Stored data below:

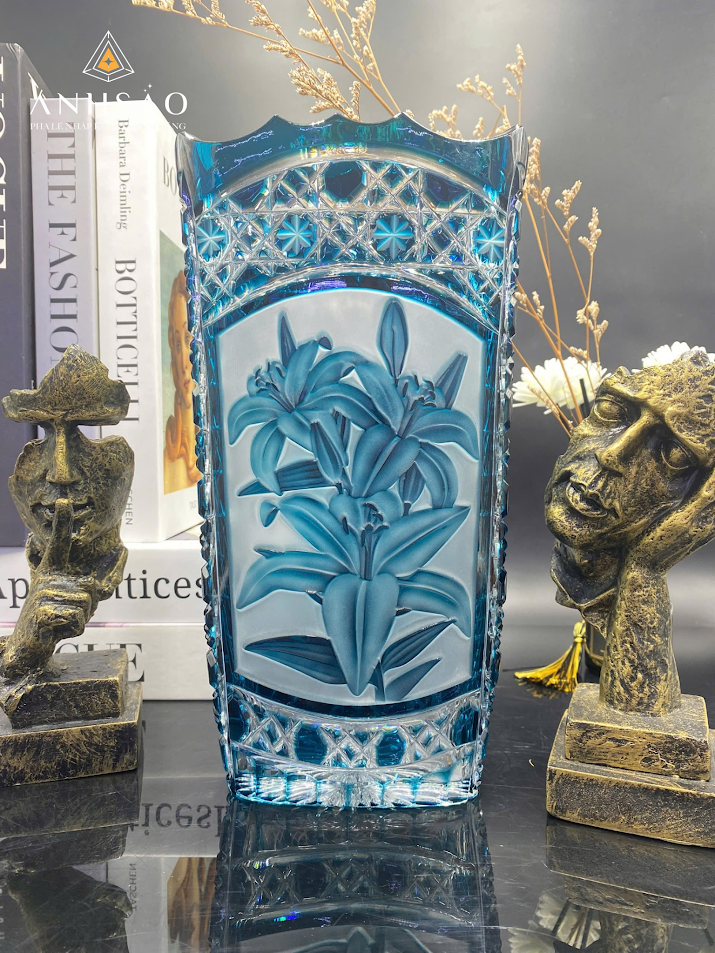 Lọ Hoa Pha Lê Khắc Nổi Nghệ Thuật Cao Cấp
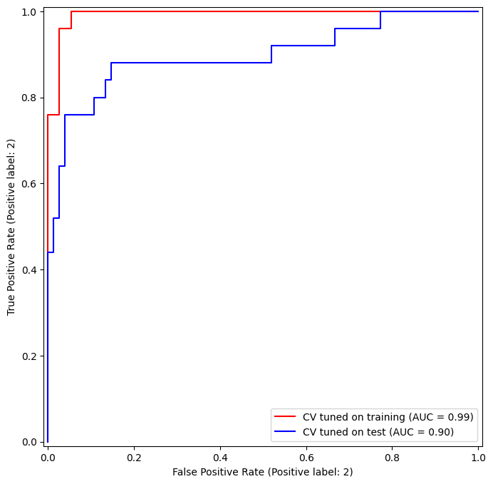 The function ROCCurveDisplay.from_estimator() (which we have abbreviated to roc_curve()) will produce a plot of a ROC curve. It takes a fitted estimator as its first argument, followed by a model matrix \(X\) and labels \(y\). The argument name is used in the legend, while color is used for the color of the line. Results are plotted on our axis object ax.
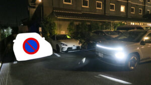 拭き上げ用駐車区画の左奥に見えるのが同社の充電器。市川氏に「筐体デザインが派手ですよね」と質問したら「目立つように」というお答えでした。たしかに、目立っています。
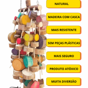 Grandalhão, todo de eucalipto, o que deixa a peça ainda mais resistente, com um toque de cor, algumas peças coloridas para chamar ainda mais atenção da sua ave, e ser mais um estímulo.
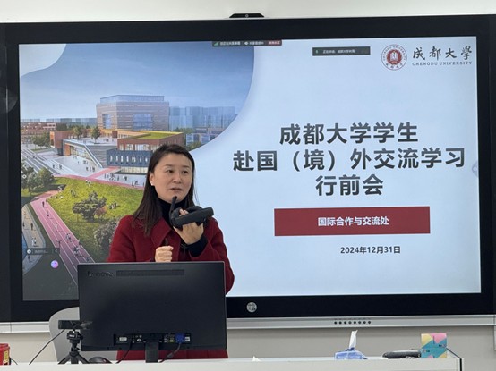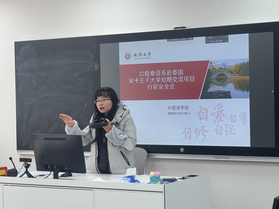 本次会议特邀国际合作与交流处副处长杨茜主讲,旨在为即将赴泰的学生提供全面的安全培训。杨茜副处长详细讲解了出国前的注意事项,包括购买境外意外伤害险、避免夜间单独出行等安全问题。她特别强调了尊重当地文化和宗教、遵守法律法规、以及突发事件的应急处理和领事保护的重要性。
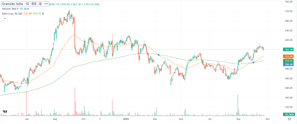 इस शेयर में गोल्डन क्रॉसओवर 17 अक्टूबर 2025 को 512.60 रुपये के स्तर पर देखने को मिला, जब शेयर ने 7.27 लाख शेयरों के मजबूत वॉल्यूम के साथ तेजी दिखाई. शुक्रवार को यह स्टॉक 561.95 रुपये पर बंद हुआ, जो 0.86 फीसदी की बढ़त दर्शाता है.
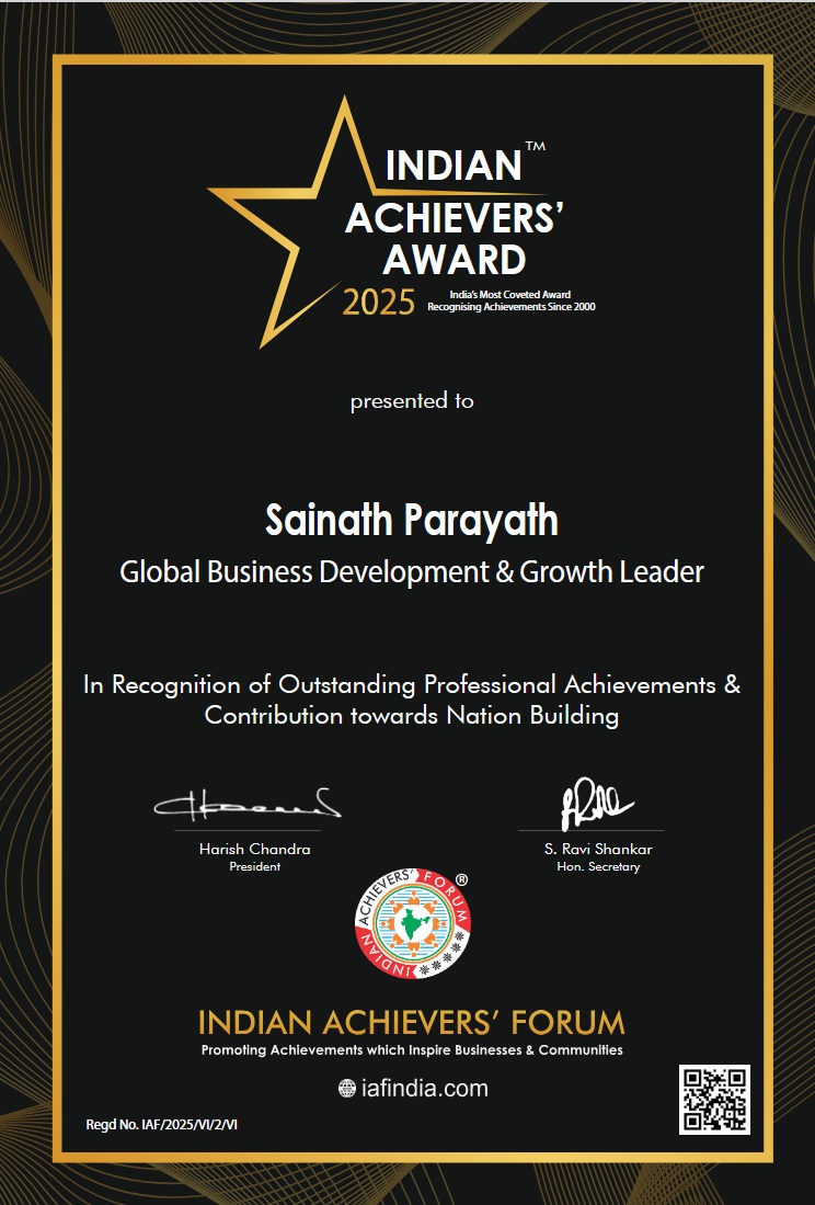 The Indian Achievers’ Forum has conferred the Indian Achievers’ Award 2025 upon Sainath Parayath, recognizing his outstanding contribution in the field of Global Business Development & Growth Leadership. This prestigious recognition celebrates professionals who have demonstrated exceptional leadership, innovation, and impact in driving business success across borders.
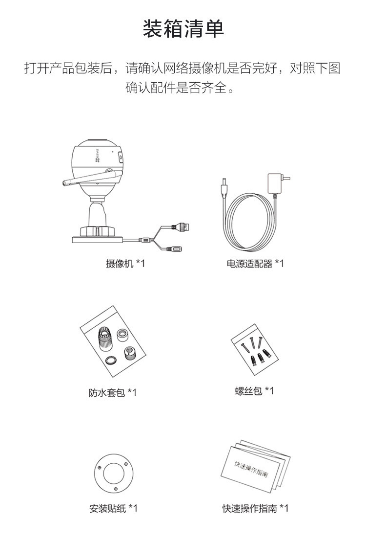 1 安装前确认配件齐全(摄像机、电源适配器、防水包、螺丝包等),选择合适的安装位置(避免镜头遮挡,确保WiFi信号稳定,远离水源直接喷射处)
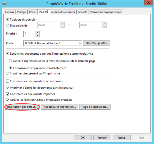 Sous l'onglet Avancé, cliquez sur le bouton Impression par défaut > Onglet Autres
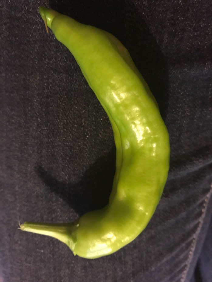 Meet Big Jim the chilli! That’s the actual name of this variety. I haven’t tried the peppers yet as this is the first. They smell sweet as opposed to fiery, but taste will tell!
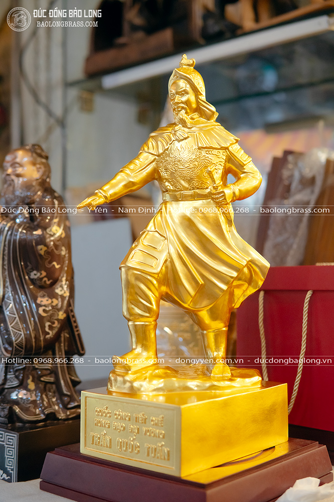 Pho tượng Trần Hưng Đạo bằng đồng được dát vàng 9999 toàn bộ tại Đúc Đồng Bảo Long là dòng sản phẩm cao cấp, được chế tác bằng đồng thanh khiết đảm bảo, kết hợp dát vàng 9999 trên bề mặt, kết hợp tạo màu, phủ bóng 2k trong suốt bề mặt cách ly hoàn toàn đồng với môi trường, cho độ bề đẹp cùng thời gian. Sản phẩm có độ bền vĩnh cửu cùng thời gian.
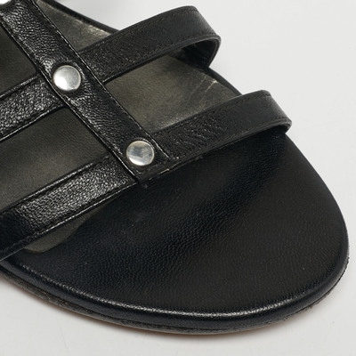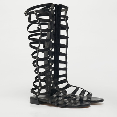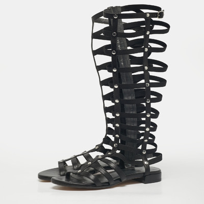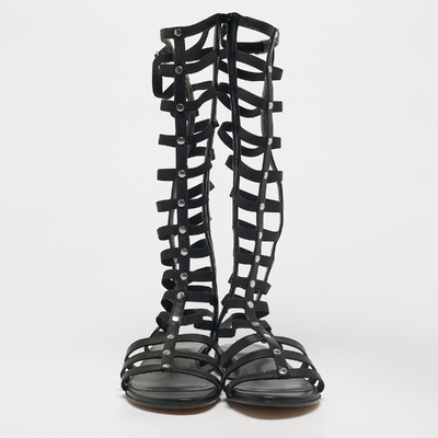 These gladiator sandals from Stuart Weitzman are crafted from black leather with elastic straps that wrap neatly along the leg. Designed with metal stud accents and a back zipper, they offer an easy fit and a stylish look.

End of Stored data.

### How to complete this task:
Print the lines from the beginning of the records up to and including the line containing "本次会议特邀国际合作与交流处", word for word, with no pictures.

### Response:
 Lọ Hoa Pha Lê Khắc Nổi Nghệ Thuật Cao Cấp
 The function ROCCurveDisplay.from_estimator() (which we have abbreviated to roc_curve()) will produce a plot of a ROC curve. It takes a fitted estimator as its first argument, followed by a model matrix \(X\) and labels \(y\). The argument name is used in the legend, while color is used for the color of the line. Results are plotted on our axis object ax.
 拭き上げ用駐車区画の左奥に見えるのが同社の充電器。市川氏に「筐体デザインが派手ですよね」と質問したら「目立つように」というお答えでした。たしかに、目立っています。
 Grandalhão, todo de eucalipto, o que deixa a peça ainda mais resistente, com um toque de cor, algumas peças coloridas para chamar ainda mais atenção da sua ave, e ser mais um estímulo.
 本次会议特邀国际合作与交流处副处长杨茜主讲,旨在为即将赴泰的学生提供全面的安全培训。杨茜副处长详细讲解了出国前的注意事项,包括购买境外意外伤害险、避免夜间单独出行等安全问题。她特别强调了尊重当地文化和宗教、遵守法律法规、以及突发事件的应急处理和领事保护的重要性。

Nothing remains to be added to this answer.